The variance of the error should be constant throughout. Here the error seems to be Hetroscedastic and violates the Homoscedaticity assumsption of the OLS algorithm we are using for Linear Regression. We'll need to further work on the model to resolve this.

**The residuals should be normally distributed with a mean of 0.**

In [None]:
sns.displot(y_train-y_hat_train, kde=True)

# Testing of the test data

In [None]:
test = pd.DataFrame()
y_test.reset_index(inplace=True, drop=True)
test['Actual'] = np.exp(y_test)
test['Predicted'] = np.exp(reg.predict(x_test))
test

In [None]:
plt.scatter(test['Actual'], test['Predicted'], alpha=0.2)
plt.xlabel('Actual log_Price', size=20)
plt.ylabel('Predicted log_Price', size=20)
plt.ylim(0,25000)
plt.ylim(0,25000)
plt.plot([0,25000], [0,25000], c='orange', label='45° line')
plt.show()

In [None]:
sns.displot(test['Actual']-test['Predicted'], kde=True)
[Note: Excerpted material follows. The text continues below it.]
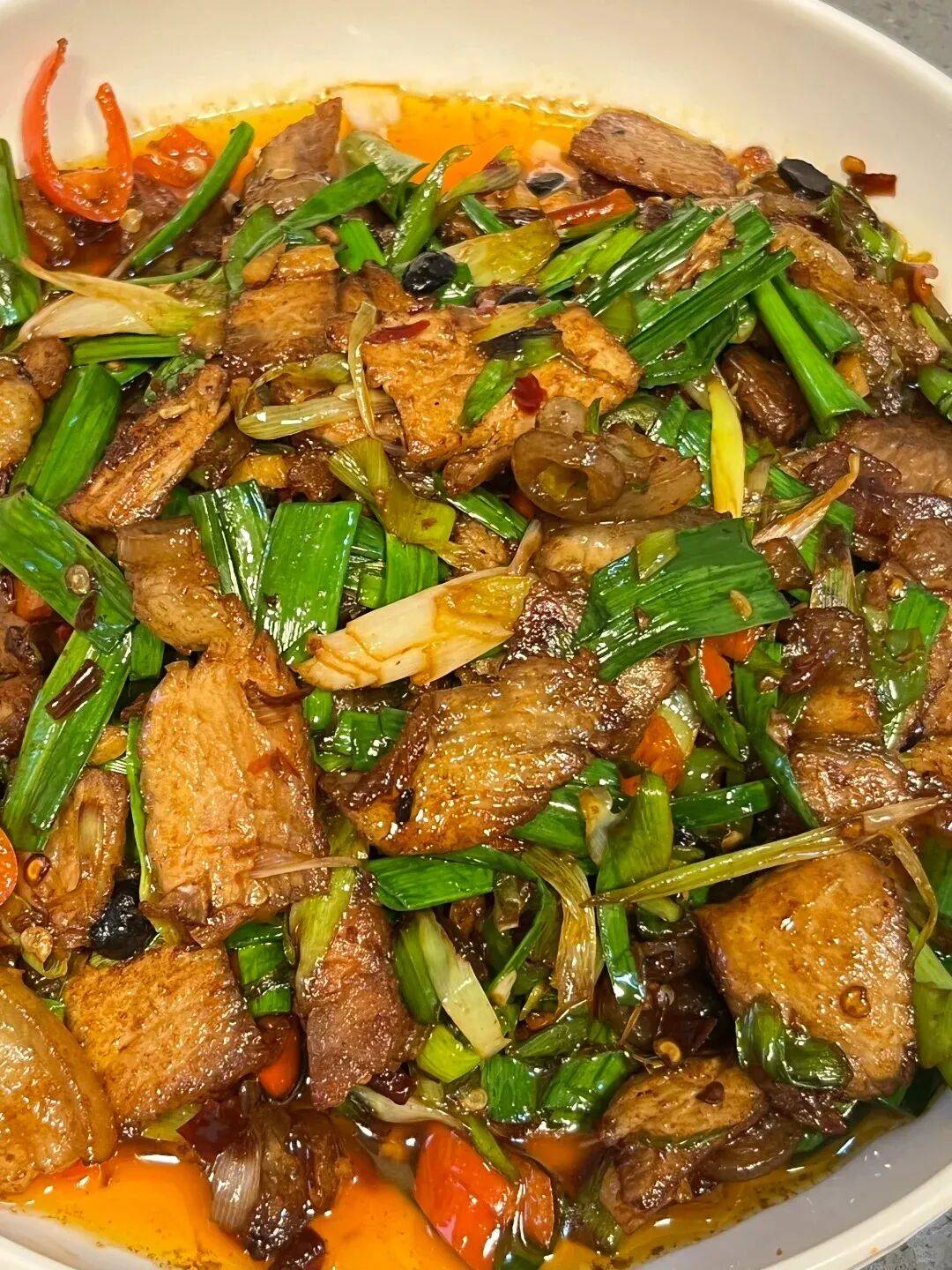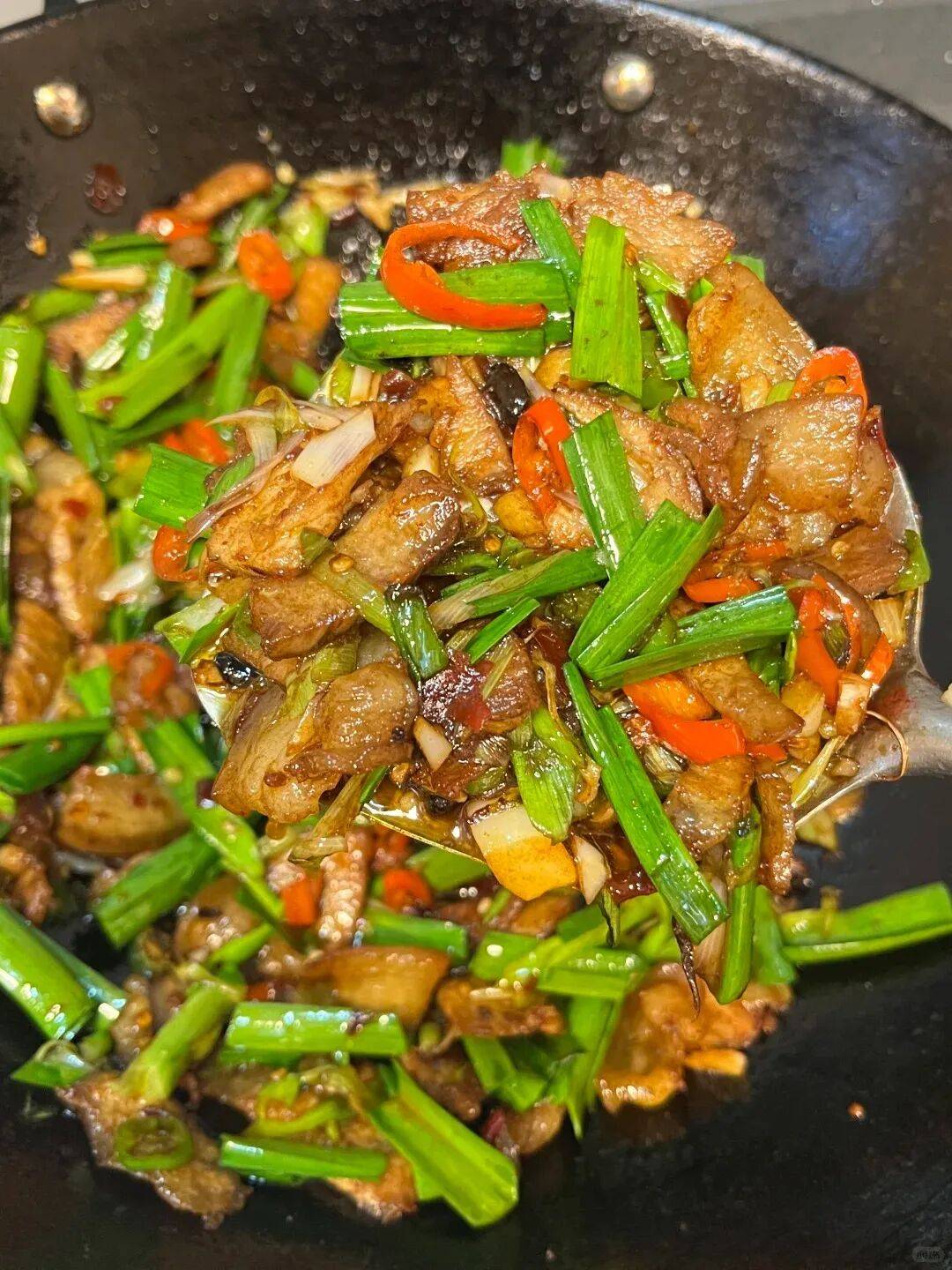 带皮五花肉煮到七分熟,切片下锅煸出油花,再和蒜苗、青椒、豆瓣酱一起大火翻滚。
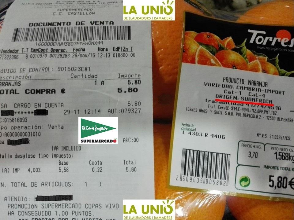 La gran distribución y algunos comercios continúan haciendo de las suyas en contra de los intereses de los citricultores de la Comunitat Valenciana. La Unió de Llauradors ha podido comprobar como en el centro comercial de El Corte Inglés de Castellón todavía se venden cítricos de Sudáfrica, en este caso naranja (tal y como se puede observar en la fotografía), cuando los productores valencianos están teniendo una campaña catastrófica agravada por la climatología adversa de los últimos días.

Our model is over-estimating values as we can see negative residuals. While there seems to be no issue of under-estimation for the model.

In [None]:
pd.set_option('display.max_row', None)
pd.set_option('display.float_format', lambda x: '%.2f' %x)
test['Residual'] = test['Actual']-test['Predicted']
test['Difference%'] = np.absolute(test['Residual']/test['Actual']*100)
test.sort_values(by=['Difference%'])

In [None]:
np.mean(test['Difference%'])

The Difference% is relatively low for the lower obersavation values of price but gradually increases as the observation's price increases. We'll need to work on this to improve the model.